Dataset records:
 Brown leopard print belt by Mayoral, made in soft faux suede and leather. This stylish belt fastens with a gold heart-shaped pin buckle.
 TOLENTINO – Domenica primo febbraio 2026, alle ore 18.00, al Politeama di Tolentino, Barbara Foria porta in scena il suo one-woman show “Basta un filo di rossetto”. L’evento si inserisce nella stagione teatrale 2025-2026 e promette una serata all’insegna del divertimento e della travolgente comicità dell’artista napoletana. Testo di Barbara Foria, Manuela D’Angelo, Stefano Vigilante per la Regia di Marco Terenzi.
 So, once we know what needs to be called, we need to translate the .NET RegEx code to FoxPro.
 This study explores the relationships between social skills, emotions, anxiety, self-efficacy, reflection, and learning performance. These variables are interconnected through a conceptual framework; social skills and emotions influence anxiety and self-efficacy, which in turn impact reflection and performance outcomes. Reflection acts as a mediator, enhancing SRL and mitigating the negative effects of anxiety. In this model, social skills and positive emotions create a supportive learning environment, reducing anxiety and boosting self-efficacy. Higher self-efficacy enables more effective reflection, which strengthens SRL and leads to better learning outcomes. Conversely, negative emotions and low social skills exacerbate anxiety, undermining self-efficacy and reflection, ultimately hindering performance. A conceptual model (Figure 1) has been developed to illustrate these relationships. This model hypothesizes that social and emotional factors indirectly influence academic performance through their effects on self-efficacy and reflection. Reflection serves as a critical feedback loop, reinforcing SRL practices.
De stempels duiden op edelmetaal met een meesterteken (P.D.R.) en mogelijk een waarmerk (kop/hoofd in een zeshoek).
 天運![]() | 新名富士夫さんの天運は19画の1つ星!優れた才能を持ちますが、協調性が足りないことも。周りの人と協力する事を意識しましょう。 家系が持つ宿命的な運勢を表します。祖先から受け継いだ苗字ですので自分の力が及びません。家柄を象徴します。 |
--
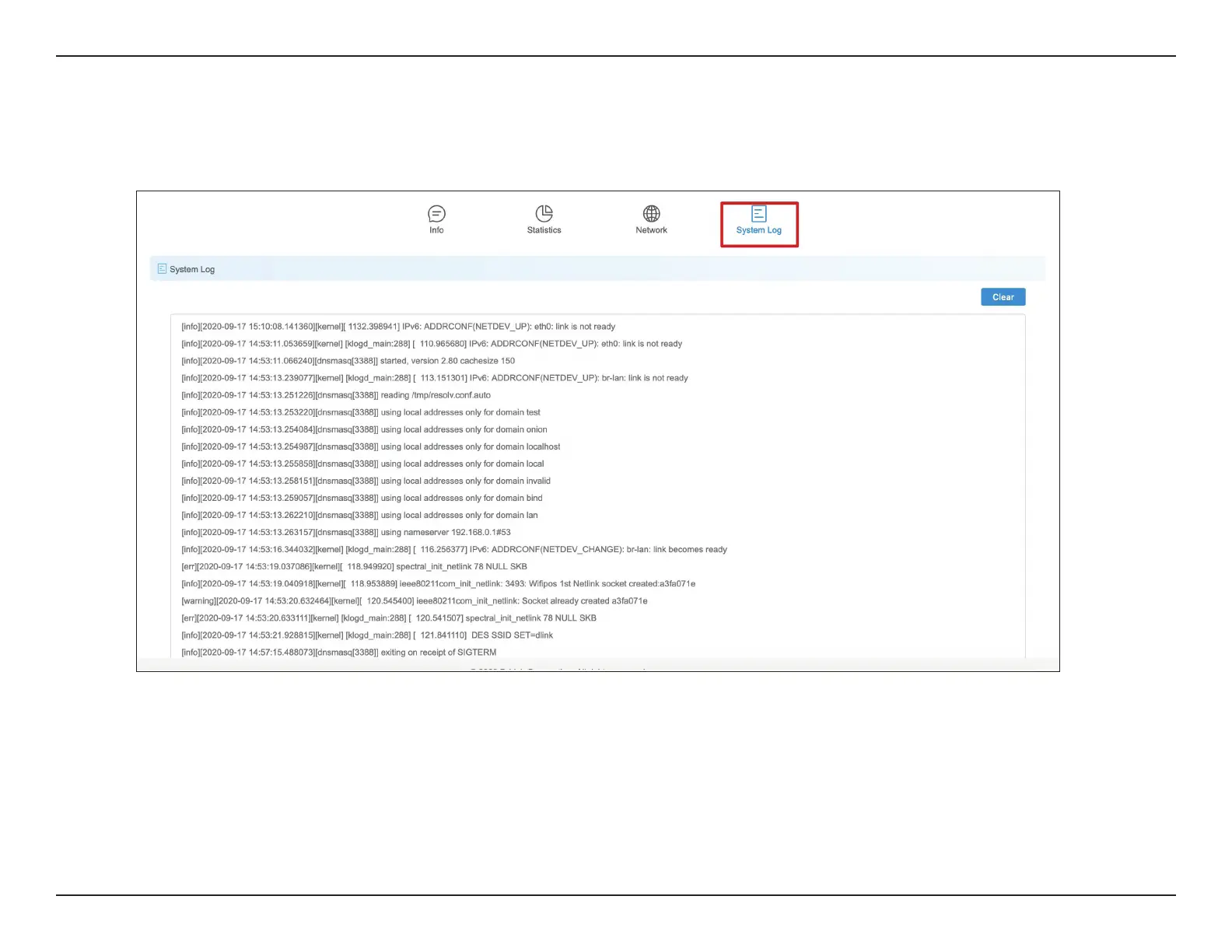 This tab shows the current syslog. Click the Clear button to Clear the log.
--
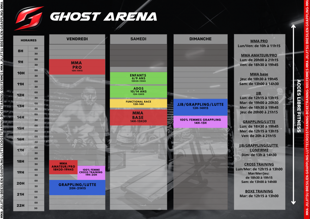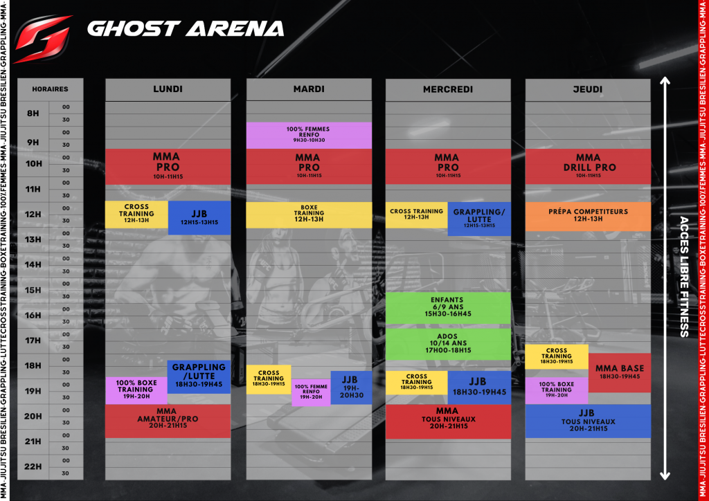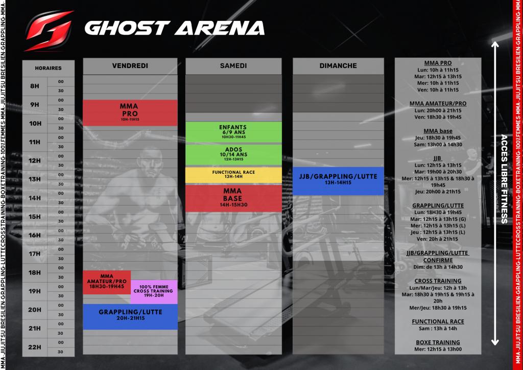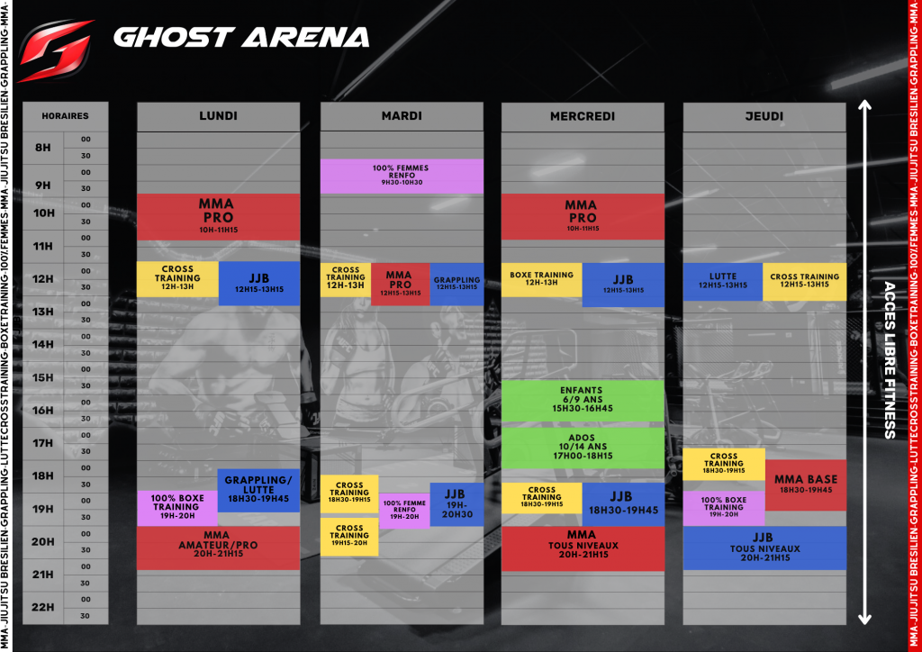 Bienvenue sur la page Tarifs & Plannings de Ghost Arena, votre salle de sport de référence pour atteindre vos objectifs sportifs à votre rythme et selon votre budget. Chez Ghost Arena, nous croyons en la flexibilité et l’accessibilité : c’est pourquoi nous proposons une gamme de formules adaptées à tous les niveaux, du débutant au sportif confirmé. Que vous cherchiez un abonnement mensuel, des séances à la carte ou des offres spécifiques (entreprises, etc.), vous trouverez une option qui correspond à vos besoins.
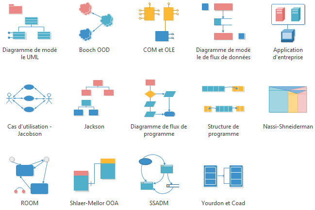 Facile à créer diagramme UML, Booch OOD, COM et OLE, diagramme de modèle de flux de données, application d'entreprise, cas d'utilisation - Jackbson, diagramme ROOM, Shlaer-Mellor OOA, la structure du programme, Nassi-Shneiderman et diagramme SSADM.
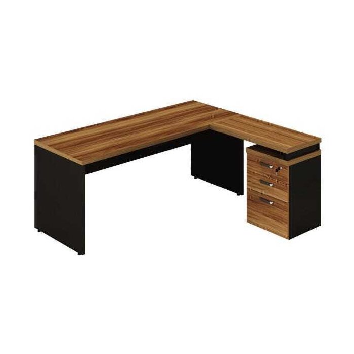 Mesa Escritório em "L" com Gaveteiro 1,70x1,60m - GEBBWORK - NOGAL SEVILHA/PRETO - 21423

Task to carry out: "Bienvenue sur la" marks the first line to copy, and "Mesa Escritório em" marks the last. Repeat that stretch above exactly, with no pictures.

Problem solution:
 Bienvenue sur la page Tarifs & Plannings de Ghost Arena, votre salle de sport de référence pour atteindre vos objectifs sportifs à votre rythme et selon votre budget. Chez Ghost Arena, nous croyons en la flexibilité et l’accessibilité : c’est pourquoi nous proposons une gamme de formules adaptées à tous les niveaux, du débutant au sportif confirmé. Que vous cherchiez un abonnement mensuel, des séances à la carte ou des offres spécifiques (entreprises, etc.), vous trouverez une option qui correspond à vos besoins.
 Facile à créer diagramme UML, Booch OOD, COM et OLE, diagramme de modèle de flux de données, application d'entreprise, cas d'utilisation - Jackbson, diagramme ROOM, Shlaer-Mellor OOA, la structure du programme, Nassi-Shneiderman et diagramme SSADM.
 Mesa Escritório em "L" com Gaveteiro 1,70x1,60m - GEBBWORK - NOGAL SEVILHA/PRETO - 21423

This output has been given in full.